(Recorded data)
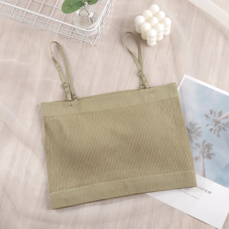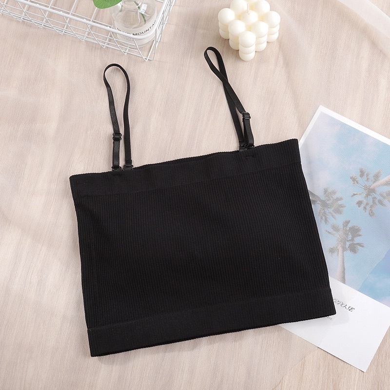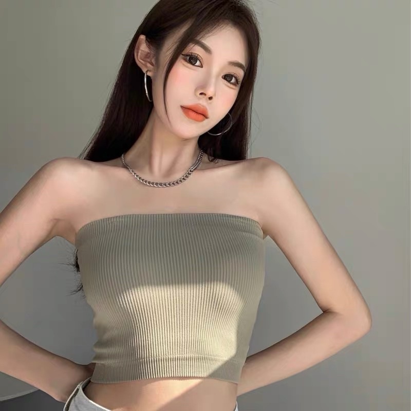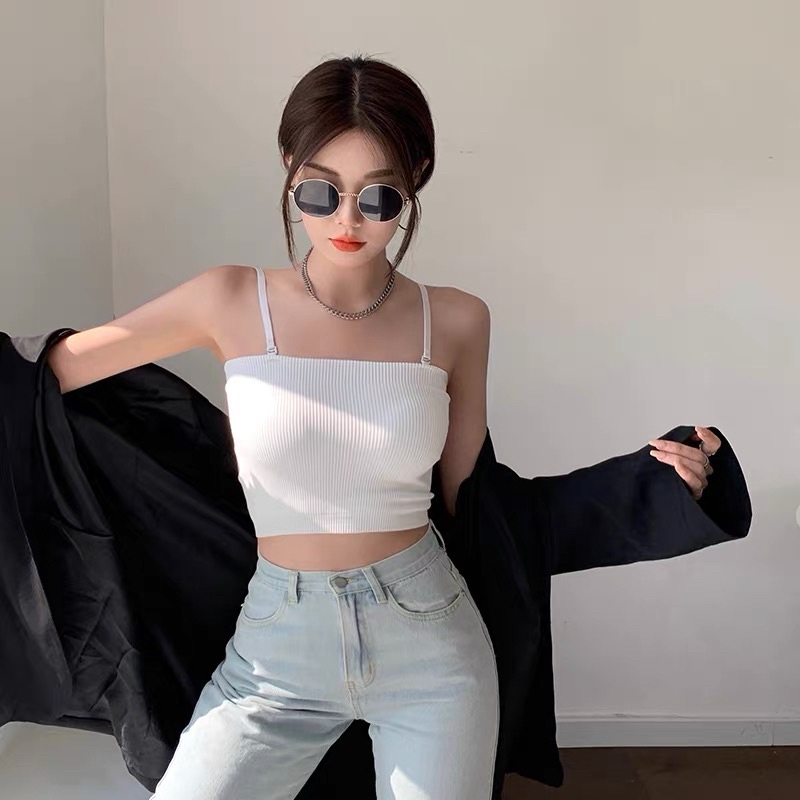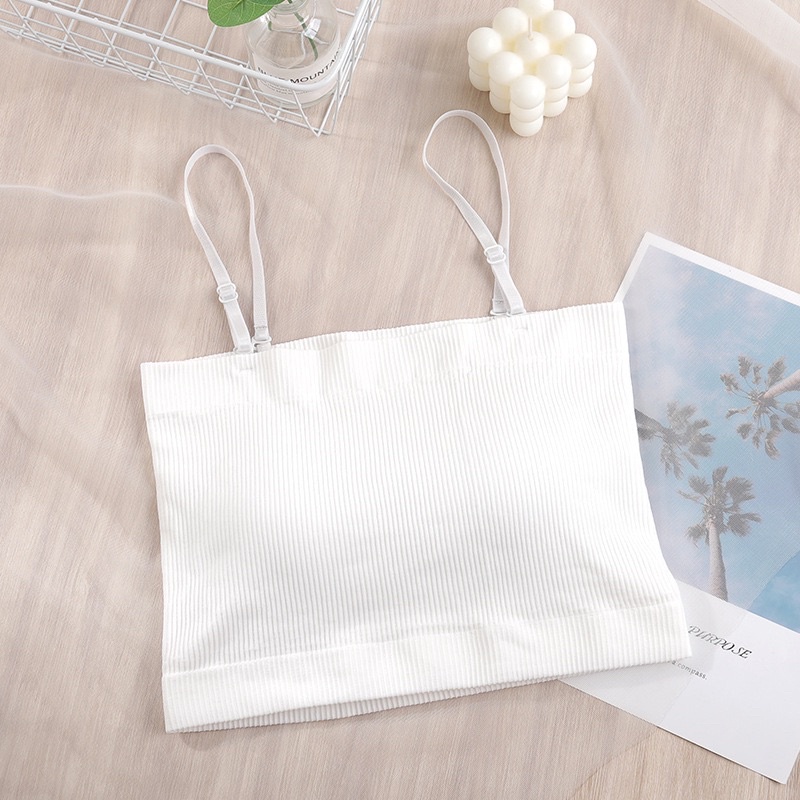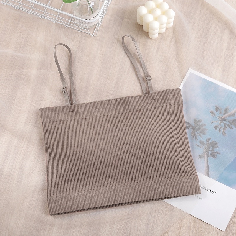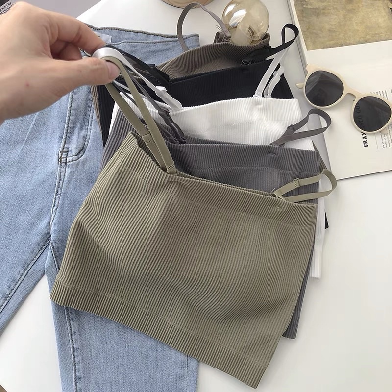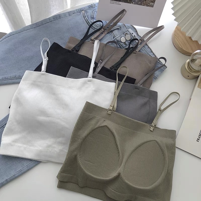CHERISH (พร้อมส่ง) D22 เสื้อสายเดี่ยว เกาะอก แฟชั่นบราผ้าร่อง มีฟองน้ำถอดได้ รอบอก 30-34นิ้ว รัดรูป ผ้านุ่ม คุณภาพดีมาก
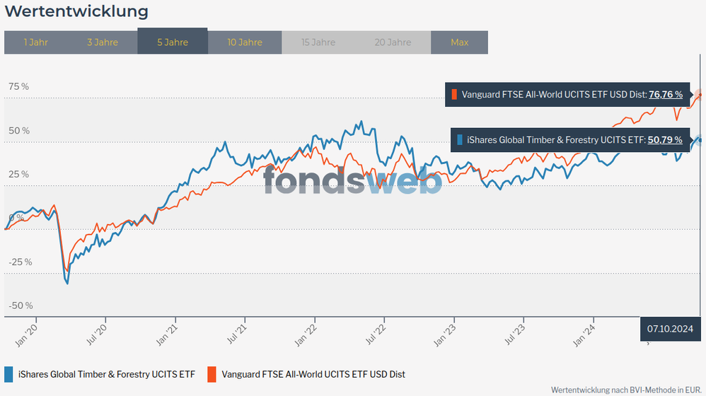 Einerseits finde ich das Thema "Holz- & Forstwirtschaft" sehr interessant, weil es viel mit der allseits gerühmten Nachhaltigkeit und der Bekämpfung des CO2-Anstiegs zu tun hat, andererseits ist die Kursentwicklung des Fonds seit Auflegung (Mai 2012), hier im Vergleich zum All-World, nicht wirklich berauschend:
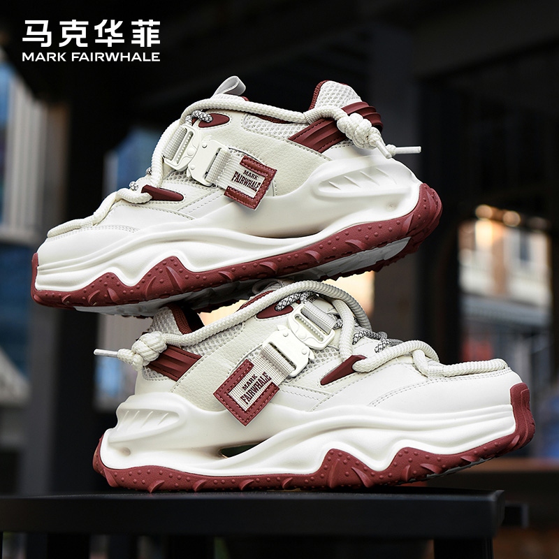 马克华菲男鞋2025冬季新款百搭老爹鞋男士透气厚底增高运动休闲鞋
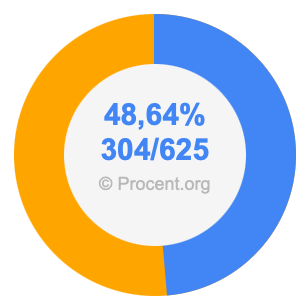 Den följande bilden visar 48,64 procent och 48,64 som bråk i ett cirkeldiagram. Som du nu vet, är 48,64% detsamma som 304/625.
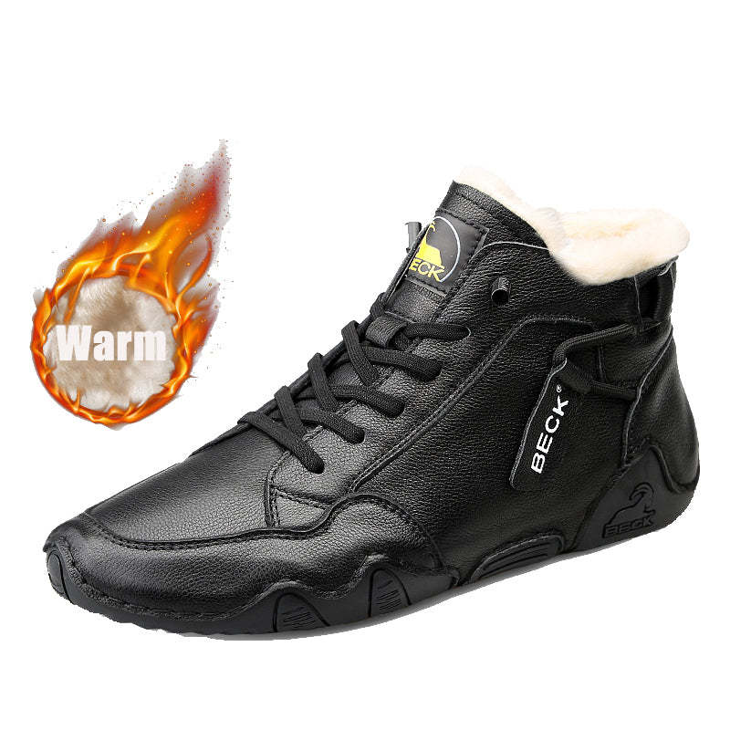 Material: cowhideStyle: Men's boots, casual leather shoesFunction: warm, anti-slip and waterproofYou need to wear - Good shoes! Wear fashion, show beauty! Every step is to represent yourself
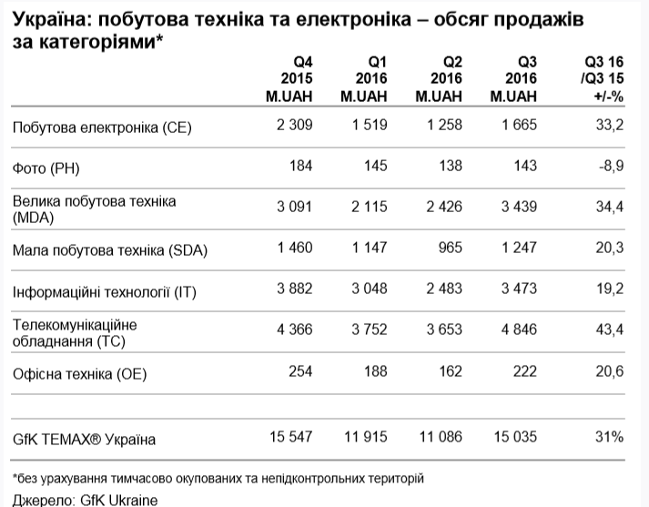 GfK TEMAX Украина: Рынок бытовой электроники в третьем квартале 2016 года в Украине вырос на 31%

Task goal: Restate word for word the lines running from the one with "马克华菲男鞋2025冬季新款百搭老爹鞋男士透气厚底增高运动休闲鞋" to the end of the entries; pictures are to be left out.

Response to this task:
 马克华菲男鞋2025冬季新款百搭老爹鞋男士透气厚底增高运动休闲鞋
 Den följande bilden visar 48,64 procent och 48,64 som bråk i ett cirkeldiagram. Som du nu vet, är 48,64% detsamma som 304/625.
 Material: cowhideStyle: Men's boots, casual leather shoesFunction: warm, anti-slip and waterproofYou need to wear - Good shoes! Wear fashion, show beauty! Every step is to represent yourself
 GfK TEMAX Украина: Рынок бытовой электроники в третьем квартале 2016 года в Украине вырос на 31%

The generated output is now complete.